Duchess Jutta of Mecklenburg-Strelitz (Augusta Charlotte Jutta Alexandra Georgina Adophine; 24 January 1880 – 17 February 1946) was a member of the House of Mecklenburg-Strelitz and the consort of Crown Prince Danilo of Montenegro. When a married woman, she was known as Militza.

Early life and marriage
Duchess Auguste Charlotte Jutta Alexandra Georgina Adolphine of Mecklenburg-Strelitz was born in Neustrelitz, the youngest daughter of the then Hereditary Grand Duke of Mecklenburg-Strelitz, Adolf Friedrich and his wife Princess Elisabeth of Anhalt. Along with her sister Marie, Jutta was raised by governesses and had little contact with her parents. The atmosphere of Carolinenpalais was noted for its rigor and need for etiquette. A scandal broke out when her 19-year-old sister became pregnant by a palace servant.

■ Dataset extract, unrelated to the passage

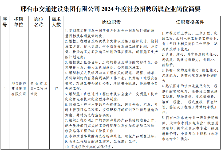 附件:邢臺市交通建設(shè)集團有限公司2024年度社會招聘所屬企業(yè)崗位簡要

Through the influence of the German Emperor, William II, her marriage to the heir apparent of Montenegro Prince Danilo was arranged. Hours after her arrival at Antivari in Montenegro she converted to the Orthodox faith. She was accompanied by her future brother in law the Crown Prince of Italy, Victor Emmanuel as she made her way to Cetinje for her wedding. She married Prince Danilo on 27 July 1899. After her marriage and conversion to Orthodoxy she took the name Militza.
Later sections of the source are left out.